The $sg$ represents the stop-gradient operator, which blocks the propagation of gradients.

Implementation from: https://github.com/Vance0124/Token-level-Direct-Preference-Optimization/blob/2a736ecb285394a8419b461816bce1ba3b093cc9/trainers.py#L46

class BasicTrainer(object):
    ...

    def tdpo_concatenated_forward(self, model: nn.Module, reference_model: nn.Module,
                                  batch: Dict[str, Union[List, torch.LongTensor]]):
        """Run the policy model and the reference model on the given batch of inputs, concatenating the chosen and rejected inputs together.

           We do this to avoid doing two forward passes, because it's faster for FSDP.
        """
        concatenated_batch = concatenated_inputs(batch)
        all_logits = model(concatenated_batch['concatenated_input_ids'],
                           attention_mask=concatenated_batch['concatenated_attention_mask']).logits.to(torch.float32)
        with torch.no_grad():
            reference_all_logits = reference_model(concatenated_batch['concatenated_input_ids'],
                                                   attention_mask=concatenated_batch[
                                                       'concatenated_attention_mask']).logits.to(torch.float32)
        all_logps_margin, all_position_kl, all_logps = _tdpo_get_batch_logps(all_logits, reference_all_logits, concatenated_batch['concatenated_labels'], average_log_prob=False)

        chosen_logps_margin = all_logps_margin[:batch['chosen_input_ids'].shape[0]]
        rejected_logps_margin = all_logps_margin[batch['chosen_input_ids'].shape[0]:]
        chosen_position_kl = all_position_kl[:batch['chosen_input_ids'].shape[0]]
        rejected_position_kl = all_position_kl[batch['chosen_input_ids'].shape[0]:]

        chosen_logps = all_logps[:batch['chosen_input_ids'].shape[0]].detach()
        rejected_logps = all_logps[batch['chosen_input_ids'].shape[0]:].detach()

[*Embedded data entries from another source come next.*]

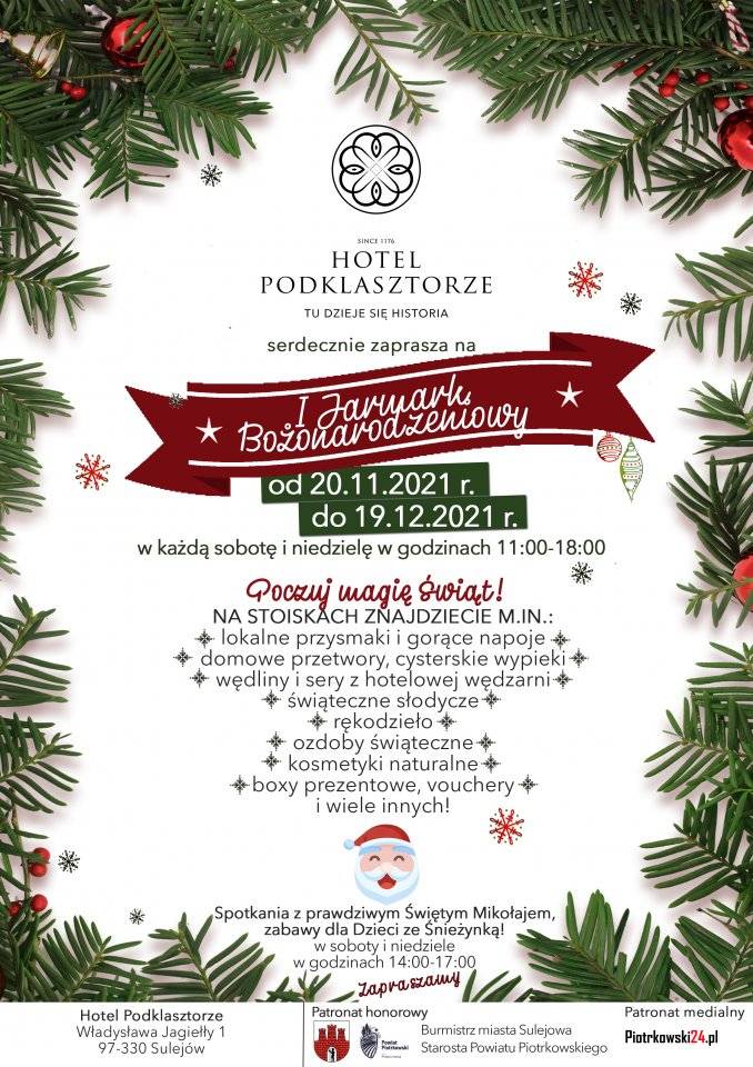 Świąteczną atmosferę czuć tam już niemal wszędzie. W każdą sobotę i niedzielę – aż do 19 grudnia 2021 r. – w Hotelu Podklasztorze w Sulejowie będzie odbywał się jarmark bożonarodzeniowy, podczas którego będzie można poczuć magię świąt. Na stoiskach znajdziecie m.in. domowe przetwory, cysterskie wypieki, świąteczne słodycze i ozdoby, rękodzieło, kosmetyki naturalne i wiele innych świątecznych artykułów. Patronem honorowym tego wydarzenia jest burmistrz Sulejowa – Wojciech Ostrowski.
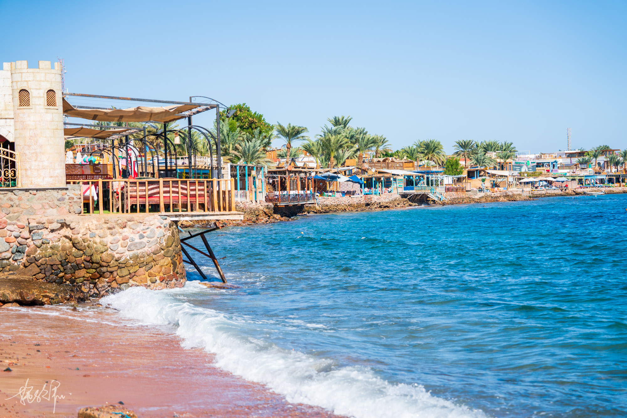 达哈卜是全程最最最最喜欢的地方,它的海边咖啡厅那是一家比一家美,它的海边不收费,可以看到自由的人们在玩风筝冲浪,在达哈卜的海边,感受最深的就是自由和快乐。
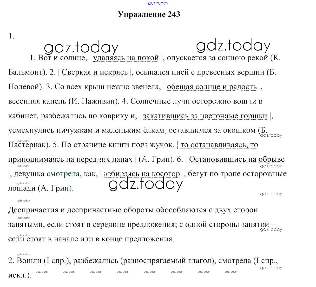 На страницах сайта gdz.today вы найдете учебный и вспомогательный материал, направленный на улучшения знаний школьной программы. ГДЗ - онлайн мир знаний Решение к упражнениям 243 Учебнику по Русскому языку для 7 класса Мурина, Волынец Национальный институт образования 2015
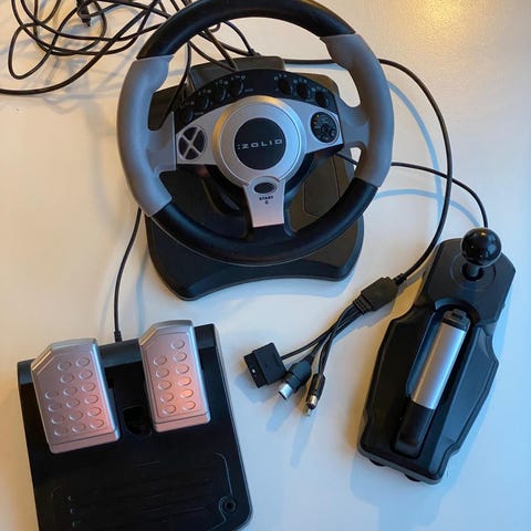 PS 2 rat og pedaler m. vibration. Blå og sort.
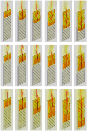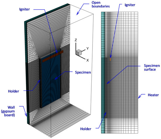 Ignition (by pilot burner flame in the experiment) was modeled by the radiative flux produced by the hot black strip (9.9 cm wide, 1 cm high) located at a distance of 1 cm away from the exposed specimen surface, with the upper edge of the igniter being at the same elevation as the upper edge of the specimen (see Figure 4). The igniter temperature was set 1200 K for 4 s, and this boundary condition was switched to the condition of zero heat flux afterwards. A zero-stress boundary condition was set for velocity at the igniter surface. The simulations have shown that the presence of the igniter did not significantly affect the flow after ignition, particularly after the flame front moved away.
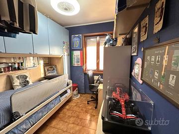 * Ingresso in soggiorno con accesso al balcone, cucina abitabile, disimpegno, camera matrimoniale e servizio padronale (finestrato e dotato di vasca), camera singola.L'immobile si presenta in buone condizioni.
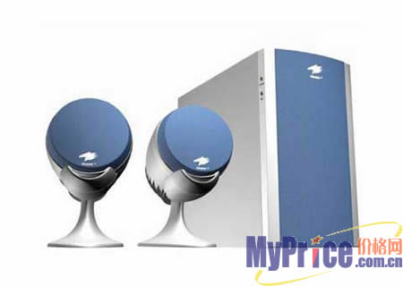 采用木质低音炮和塑料卫星箱体的设计,造型时尚新颖,低音炮以蓝色为主,两边镶有白色边框,两个卫星音箱采用喇叭式的设计,非常小巧漂亮。
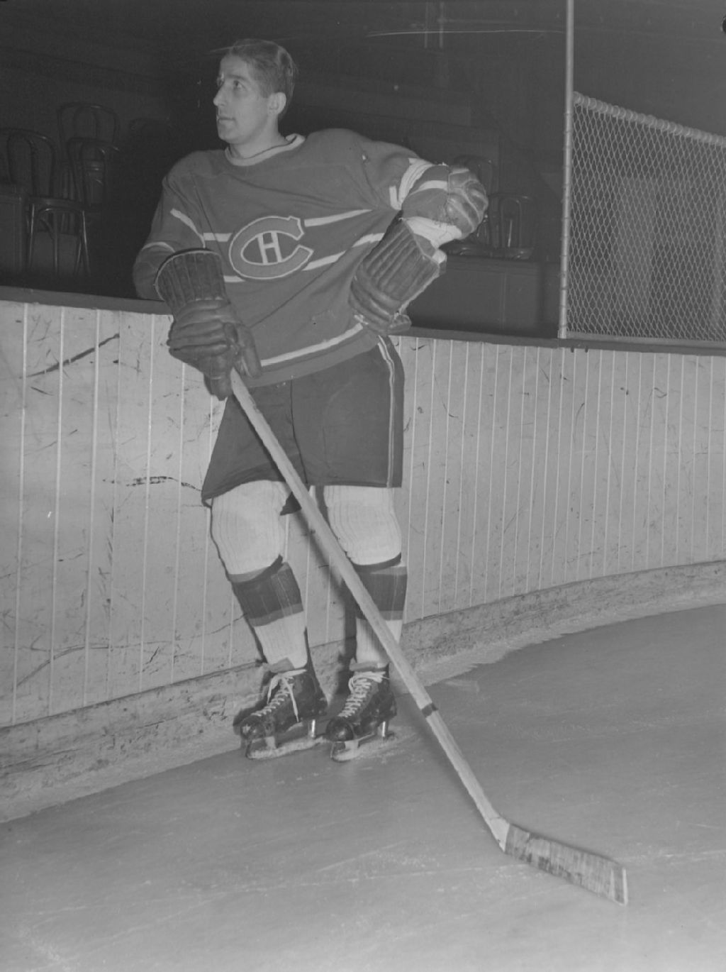 Nous voyons Elmer Lach, joueur de hockey du Canadien de Montréal. Il est sur la glace, appuyé à la bande
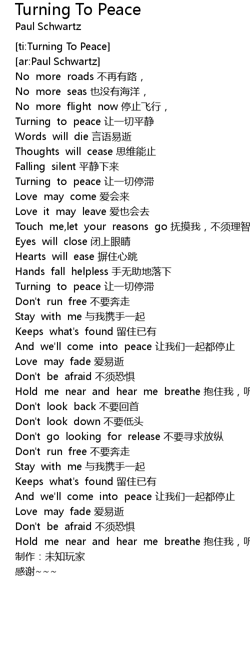 | [01:56.57] | Turning to peace 让一切停滞 |
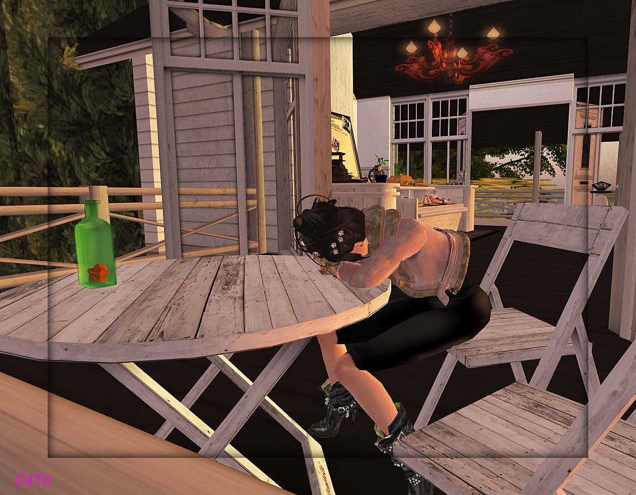 I stumbled across a lovely tea-room on a nice sim, Nonino Sweets. mouth-watering cakes and donuts for display, really well made. The environment is lush and tranquil. I took a moment to admire the cakes and then sat down, almost sad I could not taste them…..(the chairs on the terrace have funny sitposes!).
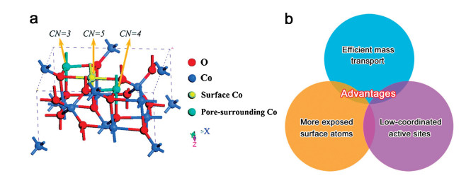 Figure 9 (a) Crystal structure of Co3O4 near a pore (CN, coordination number). Reproduced with permission [99]. Copyright 2014, Royal Society of Chemistry. (b) Advantages of porous metal oxide nanomaterials for electrocatalysis.

        return chosen_logps_margin, rejected_logps_margin, chosen_position_kl, rejected_position_kl, \
            chosen_logps, rejected_logps


def tdpo_loss(chosen_logps_margin: torch.FloatTensor,
              rejected_logps_margin: torch.FloatTensor,
              chosen_position_kl: torch.FloatTensor,
              rejected_position_kl: torch.FloatTensor,
              beta: float, alpha: float = 0.5, if_tdpo2: bool = True) -> Tuple[torch.FloatTensor, torch.FloatTensor, torch.FloatTensor]:
    """Compute the TDPO loss for a batch of policy and reference model log probabilities.

    Args:
        chosen_logps_margin: The difference of log probabilities between the policy model and the reference model for the chosen responses. Shape: (batch_size,)
        rejected_logps_margin: The difference of log probabilities between the policy model and the reference model for the rejected responses. Shape: (batch_size,)
        chosen_position_kl: The difference of sequential kl divergence between the policy model and the reference model for the chosen responses. Shape: (batch_size,)
        rejected_position_kl: The difference of sequential kl divergence between the policy model and the reference model for the rejected responses. Shape: (batch_size,)
        beta: Temperature parameter for the TDPO loss, typically something in the range of 0.1 to 0.5. We ignore the reference model as beta -> 0.
        alpha: Temperature parameter for the TDPO loss, used to adjust the impact of sequential kl divergence.
        if_tdpo2: Determine whether to use method TDPO2, default is True; if False, then use method TDPO1.

    Returns:
        A tuple of two tensors: (losses, rewards).
        The losses tensor contains the TDPO loss for each example in the batch.
        The rewards tensors contain the rewards for response pair.
    """

    chosen_values = chosen_logps_margin + chosen_position_kl
    rejected_values = rejected_logps_margin + rejected_position_kl

    chosen_rejected_logps_margin = chosen_logps_margin - rejected_logps_margin


    if not if_tdpo2:
        logits = chosen_rejected_logps_margin - (rejected_position_kl - chosen_position_kl)  # tdpo1
    else:
        logits = chosen_rejected_logps_margin - alpha * (rejected_position_kl - chosen_position_kl.detach())  # tdpo2
    losses = -F.logsigmoid(beta * logits)

    chosen_rewards = beta * chosen_values.detach()
    rejected_rewards = beta * rejected_values.detach()

    return losses, chosen_rewards, rejected_rewards

Trust Region DPO (TR-DPO)

Offline alignment methods (e.g., DPO) fine-tune LLMs using pre-constructed datasets without needing explicit reward models. However, they suffer from overoptimization: as the trained policy ($\pi_\theta$) deviates too far from the fixed reference policy ($\pi_{ref}$, typically a supervised fine-tuned model), the quality of generated outputs degrades. This is linked to increased probabilities of out-of-domain (OOD) data and a decline in in-domain (ID) data probabilities.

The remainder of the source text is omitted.